Outlook: Average daily oil production and its average daily natural gas production will increase approximately 3%-4% in Q2 vs. Q1.
"We continue to be pleased with the consistently strong well results our asset teams are achieving throughout our acreage position in the Delaware Basin and are especially excited by the initial results from our first three wells in the Antelope Ridge asset area, which confirm our previous expectations that Antelope Ridge would soon become another key operating area for Matador in the northern Delaware Basin," Chairman and CEO Joseph Foran said in a statement.
Stock: Matador climbed 1.3% late to 33.00. Shares closed down 0.2% at 32.59, approaching a 34.06 buy point from a cup base on the stock market today.
Continental Resources
Estimates: Earnings of 60 cents per share vs. 2 cents per share in the year-ago-quarter. Revenue up 57.5% to $1.08 billion.
Results: EPS of 68 cents on revenue of $1.14 billion. Average production jumped 34.5% to 287,410 barrels of oil equivalent per day. Total production out of the Bakken play averaged 161,356 bpd, up 48% year-over-year. Updated well designs and improved drilling performance have cut completed well costs in the Woodford oil window in Oklahoma by $1 million to $11.7 million per well.
Outlook: Continental plans to continuing operating six rigs in the Bakken through the end of the year.
"We are clearly seeing a structural uplift in well performance across the Bakken field," President Jack Stark said in the earnings release.
Stock: Continental fell 1.4% late. Shares ended 0.3% higher at 65.91 and are extended well above buy range.
Pioneer Natural Resources
Estimates: EPS of $1.51 vs. 25 cents a year ago with revenue up 22.8% to $1.802 billion.
Results: EPS of $1.66 on revenue of $2.15 billion. Total average production rose 25% to 311,845 barrels of oil equivalent per day.
Outlook: Q2 production of 312,000-322,000 BOE per day. The 2018 capital budget of $2.9 billion is expected to be increased due to additional Version 3.0+ completions, late-year rig additions preparing for 2019 and inflation. Permian Basin growth for 2018 is tracking toward the high end of its 19%-24% forecast. Based on the success of the higher intensity completions to date, the company is evaluating adding more Version 3.0+ completions in the second half of 2018.

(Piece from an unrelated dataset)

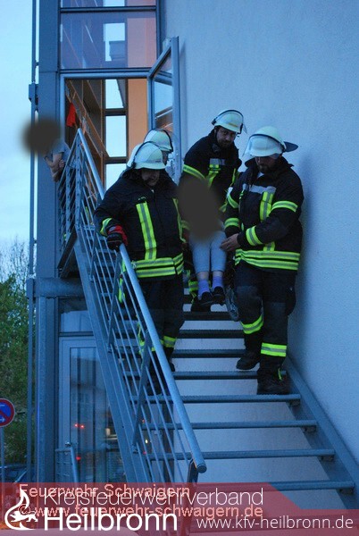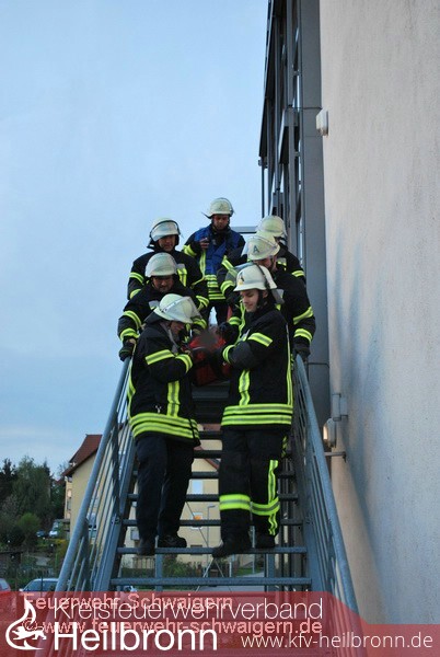 Die Abteilungen Schwaigern und Massenbach probten im ASB Seniorenheim Schwaigern die Evakuierung einer kompletten Etage. Ein Feuer machte es notwendig, das komplette Gebäude zu räumen. Bei der Übung beschränkte man sich dabei auf die Brandbekämpfung sowie die Evakuierung des 1. Stocks. Ein Teil der Bewohner erklärte sich bereit, an der Übung teilzunehmen und sich „retten“ zu lassen, der Rest wurde durch Statisten ersetzt. Übungsziel war es in erster Linie ein Gefühl dafür zu bekommen, wie lange die Räumung einer Etage dauern wird. Wie im Ernstfall auch, stand der Aufzug nicht zur Verfügung. Je nach Verfassung der einzelnen Patienten wurde diese ins Frei begleitet, bzw. im Rollstuhl oder Tragetuch über die Treppen getragen. Dabei wurde alle zur Verfügung stehenden Ausgänge getestet, d.h. neben dem Treppenhaus auch die Fluchtreppen an der Ost- bzw. Westseite des Gebäudes genutzt.

"Looking forward, our deep, low-risk inventory of high-margin Permian Basin wells allows us to deliver increasing cash flow and corporate returns," CEO Timothy Dove said in a statement, noting the company's transition to a Permian "pure play" is progressing. "Our balance sheet remains among the strongest in the industry, while our focus on capital discipline supports an economic, steady long-term growth profile. We believe our high Permian 'return on capital' will enhance shareholder value by delivering increasing 'return of capital' to investors."
Stock: Pioneer dipped 0.1% late after finishing 1.3% lower at 196.33, still in buy range after breaking out of a cup with handle base last week.
The results follow earnings and revenue beats from Viper Energy Partners (VNOM), Anadarko Petroleum (APC), Concho Resources (CXO) and Noble Energy (NBL) Tuesday continuing a busy week for shale earnings.
Earlier Wednesday, the Energy Information Administration reported that U.S. crude inventories swelled by 6.218 million barrels while gasoline supplies increased by 1.171 million barrels. Production rose to 10.619 million barrels per day, up from 10.586 million bpd a week ago.
Analysts polled by S&P Global Platts had expected a 1.8 million-barrel buildup in crude stockpiles with a 1 million-barrel decline in gasoline supplies.
The American Petroleum Institute, an industry group, late Tuesday said weekly crude stockpiles rose by 3.427 million barrels with gasoline stockpiles up by 1.6 million barrels.
U.S crude rose 1% to settle at $67.93 a barrel, and Brent edged up 0.4% to $73.44 per barrel, as the IMF threatened to expel Venezuela, which is suffering from a historic economic downturn and could need an IMF bailout to stay afloat.